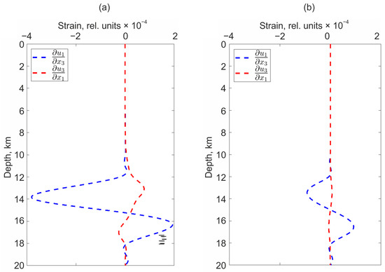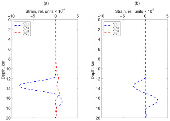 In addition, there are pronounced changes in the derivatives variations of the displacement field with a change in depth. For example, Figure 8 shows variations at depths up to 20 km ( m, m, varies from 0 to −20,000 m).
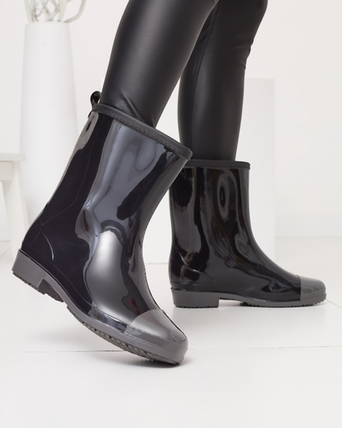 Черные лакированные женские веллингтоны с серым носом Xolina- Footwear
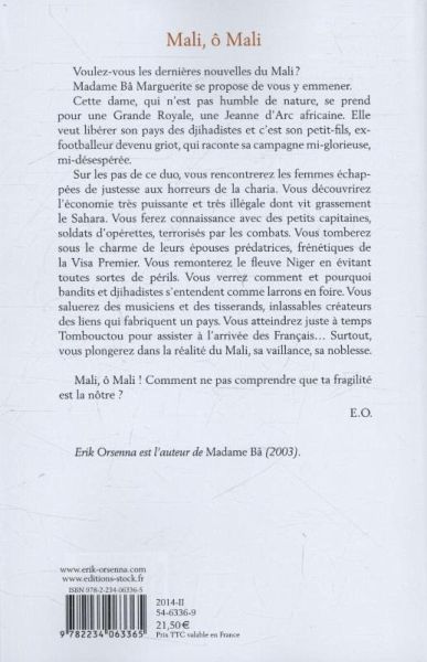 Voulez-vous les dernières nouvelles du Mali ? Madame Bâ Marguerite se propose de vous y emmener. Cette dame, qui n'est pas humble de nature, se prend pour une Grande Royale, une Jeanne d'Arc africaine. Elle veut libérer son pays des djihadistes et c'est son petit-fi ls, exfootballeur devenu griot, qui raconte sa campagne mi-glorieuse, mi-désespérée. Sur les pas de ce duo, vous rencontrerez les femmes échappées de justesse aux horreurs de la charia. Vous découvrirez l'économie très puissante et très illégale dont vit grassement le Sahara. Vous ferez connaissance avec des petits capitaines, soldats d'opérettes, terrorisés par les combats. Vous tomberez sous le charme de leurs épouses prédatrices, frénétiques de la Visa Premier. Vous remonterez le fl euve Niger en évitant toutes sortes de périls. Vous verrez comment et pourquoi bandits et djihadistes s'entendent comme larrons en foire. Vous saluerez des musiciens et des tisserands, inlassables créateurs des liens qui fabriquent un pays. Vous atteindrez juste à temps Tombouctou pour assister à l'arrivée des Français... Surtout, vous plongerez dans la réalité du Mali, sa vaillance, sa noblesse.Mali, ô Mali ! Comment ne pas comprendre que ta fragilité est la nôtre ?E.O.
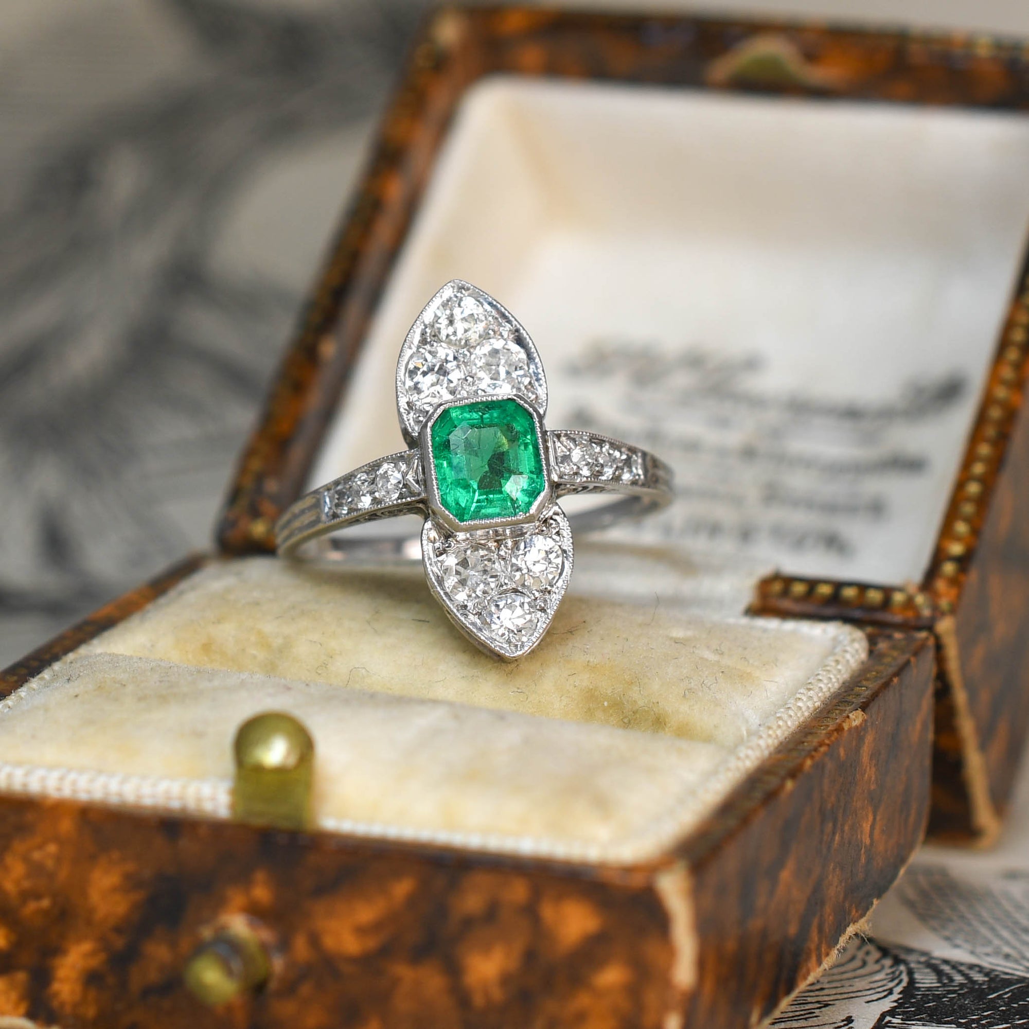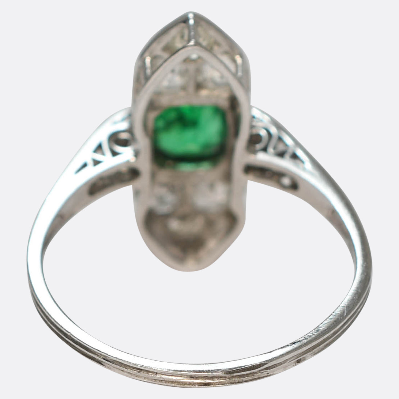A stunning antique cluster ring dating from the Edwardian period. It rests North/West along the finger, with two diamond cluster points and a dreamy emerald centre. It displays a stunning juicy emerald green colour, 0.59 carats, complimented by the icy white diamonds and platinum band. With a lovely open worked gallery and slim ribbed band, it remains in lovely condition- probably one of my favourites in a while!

◆ WHAT IS REQUIRED:
Please restate the material above line by line, exactly, beginning at its first line and ending with the line that contains "Черные лакированные женские", without any pictures.

◆ RESULT:
 In addition, there are pronounced changes in the derivatives variations of the displacement field with a change in depth. For example, Figure 8 shows variations at depths up to 20 km ( m, m, varies from 0 to −20,000 m).
 Черные лакированные женские веллингтоны с серым носом Xolina- Footwear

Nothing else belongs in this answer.